As Democrats gear up for the 2014 midterm elections, a majority of the most vulnerable Senate candidates have made it clear that they don't want President Barack Obama's help with their campaigns.
"I don't care to have him campaign for me," Sen. Mark Begich of Alaska
told Politico. "I'd rather him come up to see where his policies aren't working. He's wrong on ANWR [Arctic National Wildlife Refuge], we've had struggles to try to get our permits done down in the southeast for our timber industry. I want to show him how important the military is in Fairbanks."
Politico's report is based on conversations with most Democratic candidates up for re-election. Only a few said they would welcome the president's participation in their campaigns.
While some Democratic senators fear that Obama's involvement in their races could cost them their seats because of his unpopularity, they are also in need of the White House's steep resources.
The White House is aware of the situation and is figuring out the best way the president and those close to the administration can help.
While meeting with Senate Democrats at Nationals Park last week, Obama said that Obamacare will be the Republicans' "No. 1 attack tool" against Democrats, Sen. Dick Durbin of Illinois told Politico.

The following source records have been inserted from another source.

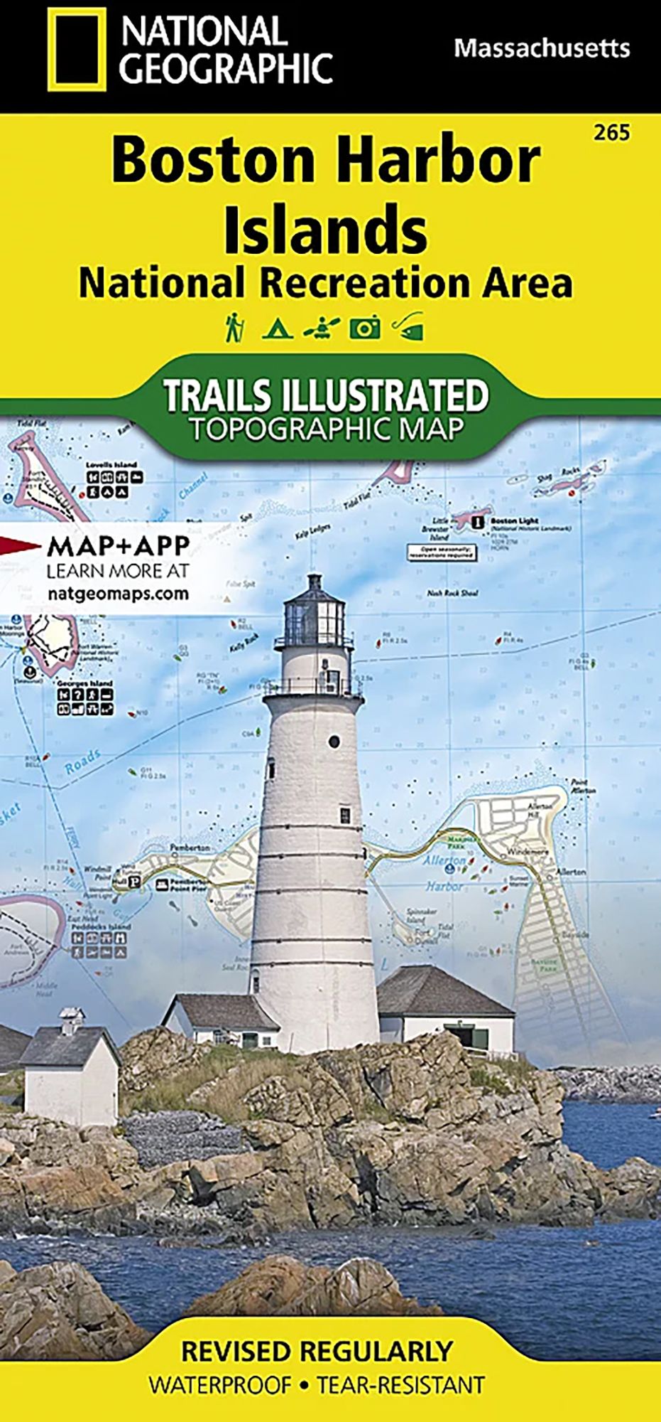 Located just outside of downtown Boston, the Boston Harbor Islands provide an abundance of recreational opportunities for all outdoor enthusiasts. Expertly researched and created in cooperation with the National Park Service, Boston Harbor Islands Alliance and many others, National Geographic's Trails Illustrated map of Boston Harbor Islands National Recreation Area is an essential travel companion for all visitors to the area. The front side of the map contains both topography and bathymetry, while the reverse side shows the area in high-resolution satellite imagery. Together they provide unparalleled detail of all 34 harbor islands, shorelines, downtown Boston and neighboring communities, Boston Inner Harbor and the other waterways that surround the islands.Mainland piers with park operated ferries to the islands are clearly marked along with their facilities as well as water taxi stations. Boaters will find boat ramps, docks, moorings, buoys, beacons and soundings. Background information of many of the islands is provided along with hiking and biking trails, available facilities and pinpointed structures, buildings and other points of interest. Other recreational features noted include areas for fishing, swimming, diving, canoeing, kayaking, cross-country skiing, wildlife viewing, camping and picnicking. The map also provides a complete road network of the area along with subway, commuter rail stations.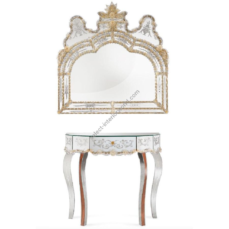 The most famous characters are the typical engraved curl finishings together with the depiction of Bacco, Justice or the well-know Venetian Eighteenth-century. Crystal colored Murano decorative flowers, leaves, twisted ropes and multicoloured glass paste rosettes embellish each Venetian mirror. The result is a unique item comparable to a work of art for craftsmanship and excellence in its execution.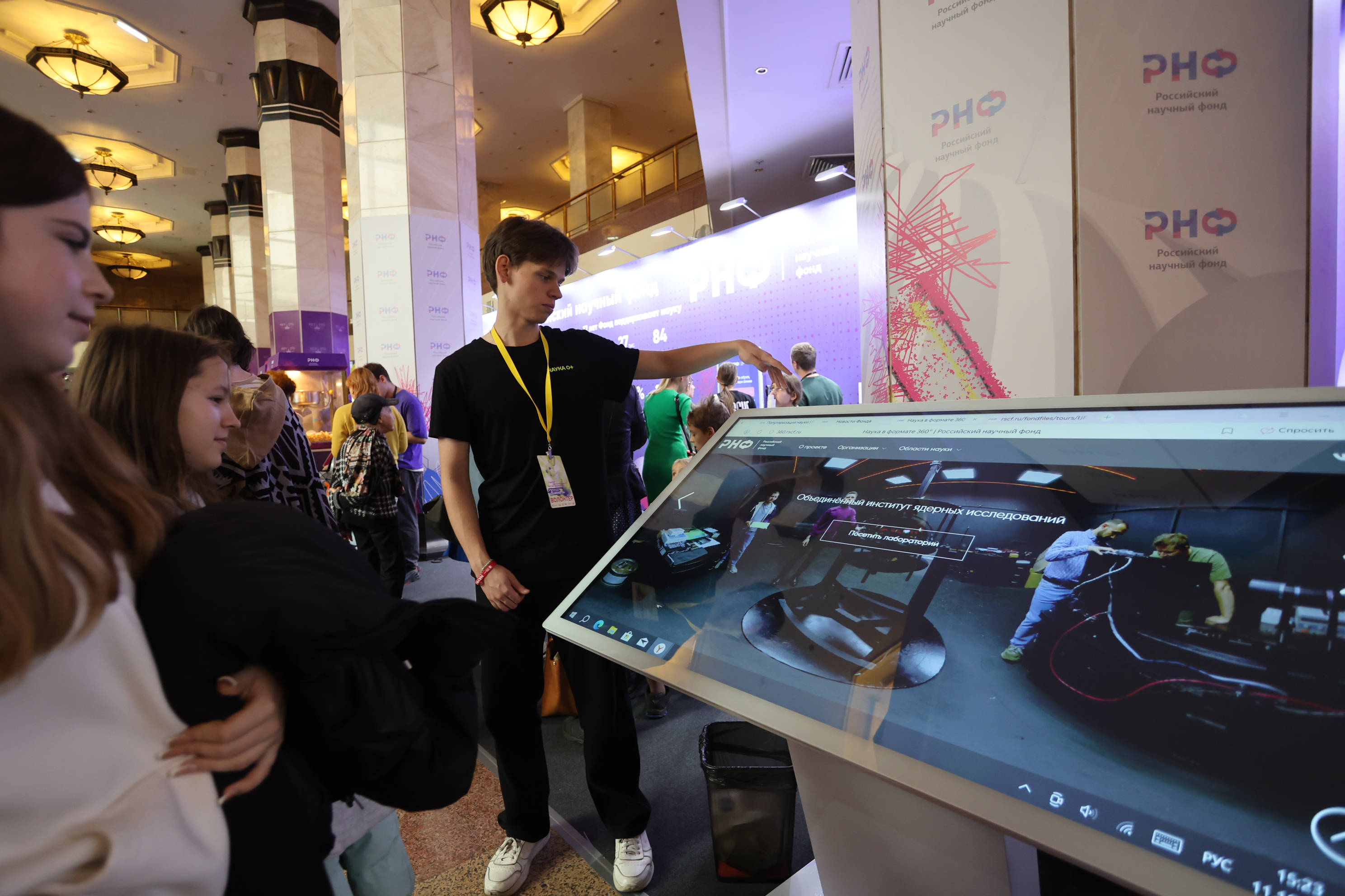 С помощью специальных тач-экранов гости фестиваля смогли прогуляться по более чем 100 лабораториям 15 университетов и институтов России. Уникальная коллекция виртуальных туров «Наука в формате 360°» позволила в деталях рассмотреть места, где каждый день происходят большие и маленькие открытия, отодвигающие границу нашего понимания окружающего мира. РНФ ежегодно пополняет коллекцию туров, давая возможность каждому желающему заглянуть за двери ведущих лабораторий страны.
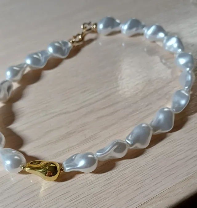Gargantilla Perla Barroca Imitación Dorada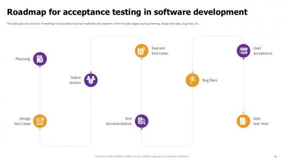 This slide gives an overview of roadmap for acceptance testing in software development which includes stages such as planning, design test cases, bug fixes, etc. Are you searching for a Roadmap For Acceptance Testing Effective Test Data Management Ppt Example that is uncluttered, straightforward, and original Its easy to edit, and you can change the colors to suit your personal or business branding. For a presentation that expresses how much effort you have put in, this template is ideal With all of its features, including tables, diagrams, statistics, and lists, its perfect for a business plan presentation. Make your ideas more appealing with these professional slides. Download Roadmap For Acceptance Testing Effective Test Data Management Ppt Example from Slidegeeks today. This slide gives an overview of roadmap for acceptance testing in software development which includes stages such as planning, design test cases, bug fixes, etc.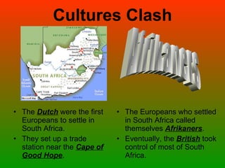 The document discusses the history of apartheid in South Africa. It describes how the Dutch first settled in South Africa, followed by the British who took control of most of the country. The white government then created apartheid, a system to separate society by race and give rights only to whites. Apartheid forced blacks into poor areas, denied them voting rights, and segregated public services. Nelson Mandela was imprisoned for 28 years for fighting apartheid, then elected president in 1994 after apartheid ended, working to create a unified, equal nation. South Africa still faces issues like economic inequality and health challenges.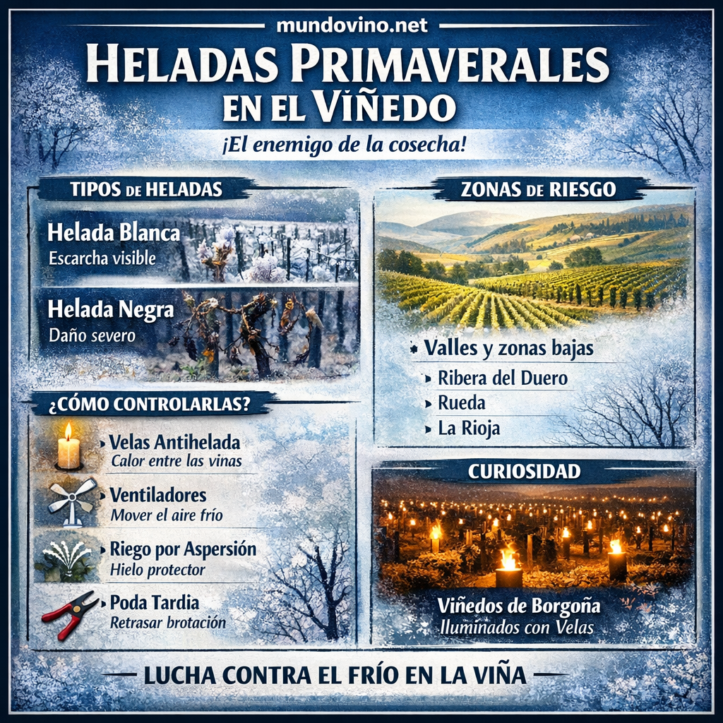 La primavera trae vida al viñedo. Los primeros brotes verdes asoman tras el reposo invernal y la vid despierta con toda la promesa de una nueva añada. Sin embargo, también llega uno de los momentos más delicados del año: las heladas primaverales. Una sola noche con temperaturas bajo cero puede comprometer meses de trabajo y marcar el carácter —o incluso el volumen— de la vendimia. ¿Por qué son tan peligrosas?A diferencia de las heladas de invierno, que afectan a la vid en reposo, las primaverales llegan cuando la planta ya ha comenzado su brotación.En esta fase, los tejidos jóvenes están llenos de agua y son extremadamente sensibles. Cuando la temperatura…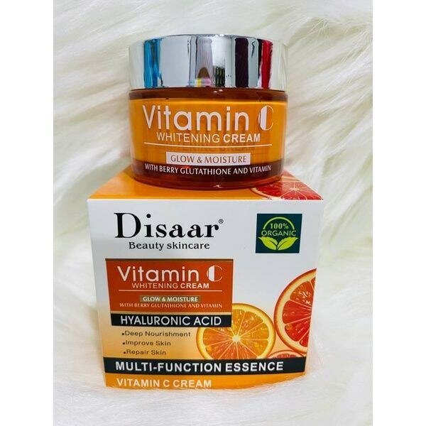 Crème à la vitamine C de Disaar, enrichie en acide hyaluronique pour une peau éclatante et hydratée. Nourrit et répare la peau en profondeur.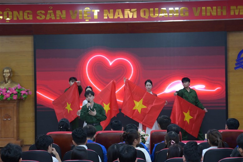 Dự chương trình có PGS.TS. Đinh Văn Châu – Hiệu trưởng Nhà trường, TS. Đặng Thành Chung – Trưởng khoa Lý luận chính trị, ThS. Nguyễn Vân Anh – Phó Trưởng phòng CTSV, Bí thư Đoàn Thanh niên, cùng sự hiện diện đặc biệt của diễn viên Nguyễn Phương Nam – người đảm nhiệm vai anh Tạ trong bộ phim “Mưa đỏ”.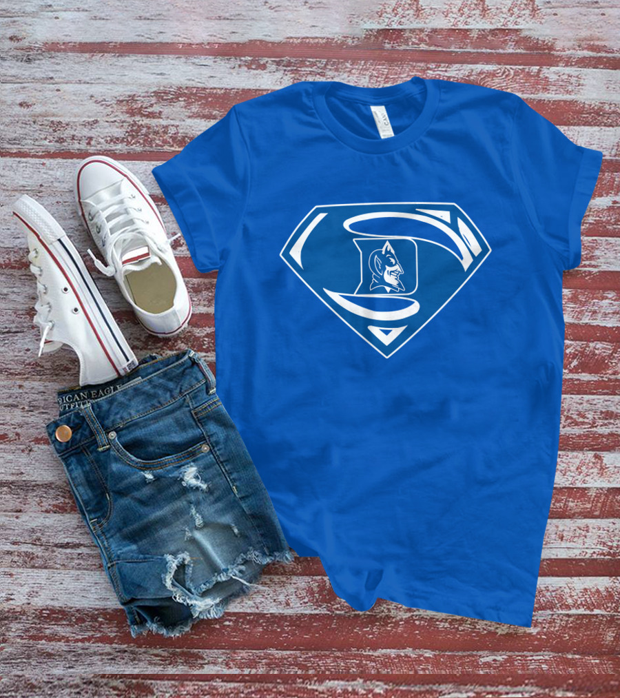 The Duke Blue Devils Superman Logo Mashup Shirt offers a regular fit. Made from 100% ring-spun cotton that is pre-shrunk to help maintain size and shape after washing. Features reinforced construction details for durability. Available in U.S. standard sizes S-5XL to accommodate various body types.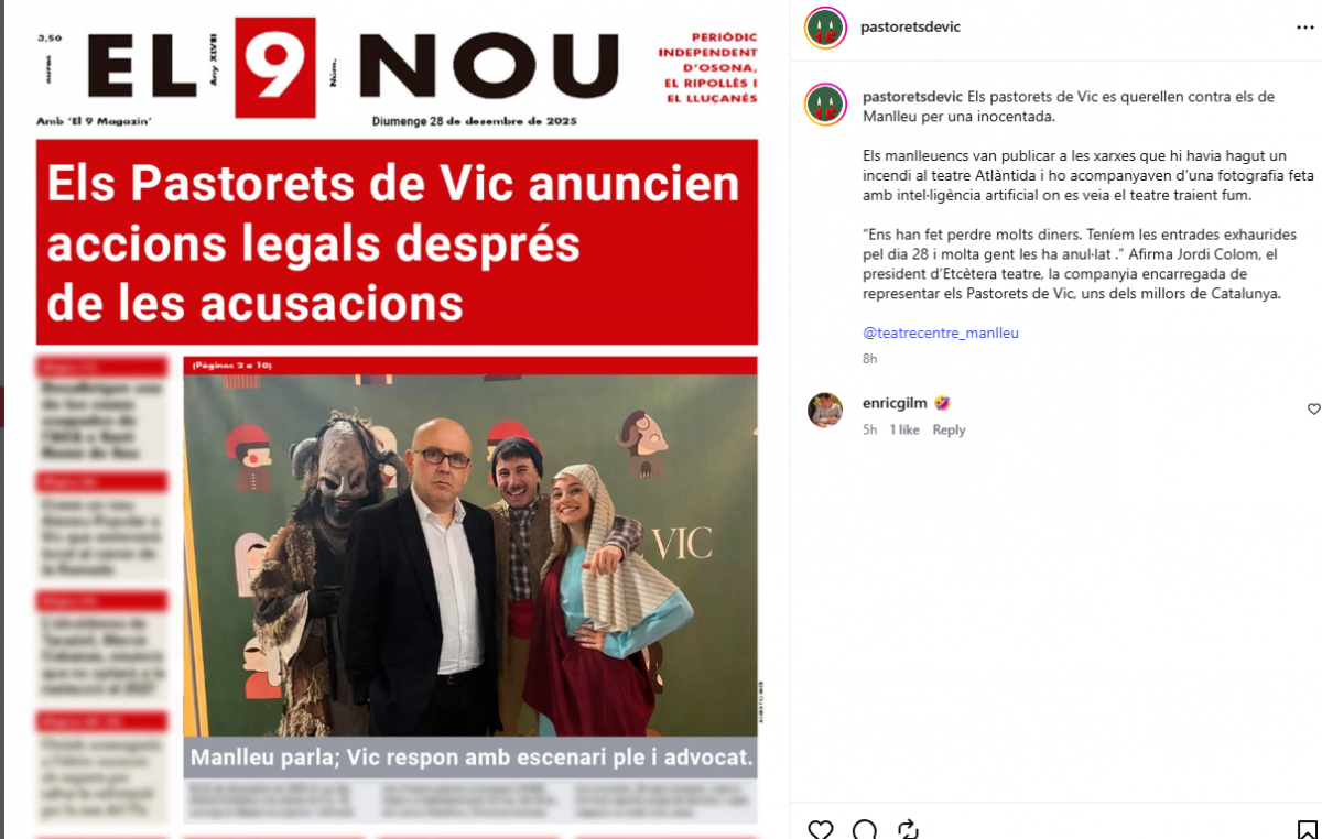 La resposta des de Vic no s’ha fet esperar i en una notícia com si fos la portada d’EL 9 NOU explicaven que la broma dels pastorets de Manlleu els hi havia fet perdre molts diners. Per aquest motiu posaven el cas en mans del conegut advocat Gonzalo Boye (a la fotografia amb personatges dels Pastorets de Vic).

"He said, 'I understand in some of your states I'm not the most popular politician,'" Durbin said. "'So if you're going to break from the White House on an issue or a position, understood. But I can help many of you, even in states where I'm not popular with everyone. I can still help, and I'm willing to do everything I can.'"
While Obama has some fundraisers scheduled on behalf of Senate Democrats, candidates are looking to Vice President Joe Biden, first lady Michelle Obama, former President Bill Clinton and former secretary of state Hillary Clinton to play a role.
Sen. Mark Pryor of Arkansas said that outside help won't make a difference in his state.
"I don't get people to come and campaign for me very often," Pryor told Politico. "To me, in Arkansas, people don't vote for you because somebody else says vote for you."
By contrast, Republicans are growing increasingly confident about their chances of establishing a majority in the Senate, Politico reported
Statistically speaking, the president's party usually loses an average of six seats during his sixth year, but Republicans are also riding on the problems and frustration among voters surrounding Obamacare, the president's low approval rating, and the slowly recovering economy to give them an extra boost.
GOP donors were encouraged in November when tea party favorite Dean Young was beat by establishment candidate Bradley Byrne in a special election for an Alabama House seat.
One political strategist called the victory an encouraging "turning point" at a time when donors were concerned about another year in which unelectable tea party candidates win the GOP nomination.